If the product costs 200 Crowns or 20 Euros, and the Euro gains strength to 15 Crowns (over 10), but the prices remain the same, the 20 Euro product costs effectively
more (because 20 Euros is now worth 300 Crowns, but EU customers are still paying 20 Euros for the same product and Americans, er, Estonians are still paying 200 Crowns). The people in Estonia get a cheaper price. Your basic idea is correct, but not for product pricing--only for daily exchange rates.
Weaker dollar would mean that the product should cost less.
Only if the price is changed to follow the daily exchange rate. It does not, which is why, as I said, this is an instance where the weak dollar hurts UK consumers.

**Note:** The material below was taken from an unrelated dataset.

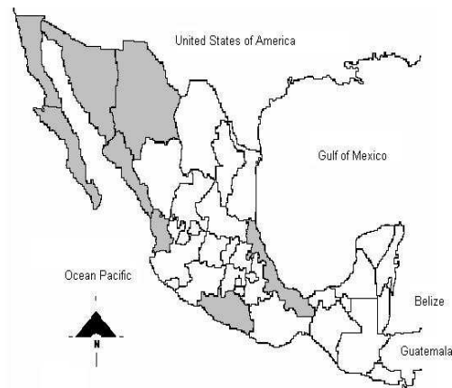
Figure 10. Geographic distribution of Triatoma rubida in the states of Baja California, Baja California Sur, Chihuahua, Guerrero, Nayarit, Sonora, Sinaloa and Veracruz, Mexico.

This vector is reported in the states of Baja California, Baja California Sur, Chihuahua, Guerrero, Nayarit, Sinaloa, Sonora, and Veracruz (Figure 10). It is suggested that its presence in the latter state is due to having been transported by humans from the north. It is found at an altitude of 200 to 1.800 masl. The female measures 19.5-23.0 mm and the male 15.5-20.0 mm (Lent & Wygodzinsky 1979).

That said, the weakness of the dollar is only one of two factors, as indicated. The other factor is purchasing power. There is a positive PPP working against UK customers--£1 generally gets you less than $1.96 does. For example, the British equivalent of a gallon of milk costs about £2 (~$4) IIRC, where the average US price is just below $3. And the British aren't buying American milk.
While the prices of Apple products in the UK aren't that much higher than the US, you can't just avoid adding VAT to the prices when comparing, as not all of the United States pay tax on sales, do they?
Sure you can. They list prices without VAT on their stores, and that's the comparison price. Apple can't avoid charging VAT any more than you can avoid paying it. If it makes products more expensive (and it does by a considerable margin [the average sales tax paid by US customers is around 7% for comparison]), that's the doing of your government. It's not fair to claim that Apple is ripping customers off when the majority of the price difference is due to a local government-mandated surcharge and not the retailer/manufacturer's actual pricing.
And for all your good points about the strong pound, and the relatively weak dollar, how does that explain that the Adobe CS3 Master Suite
It doesn't. There are absolutely products that are overpriced by a large margin in some markets by the manufacturers. Apple hardware just isn't one of them.
Tax, currency, and the cost of international business can conceivably account for up to about a 35-40% bottom line increases in the UK. Anything beyond that is from some other cause (retailer markup, corporate greed, industry-specific compliance costs [e.g. the higher warranty standards on some products sold in the EU], and/or some other factor).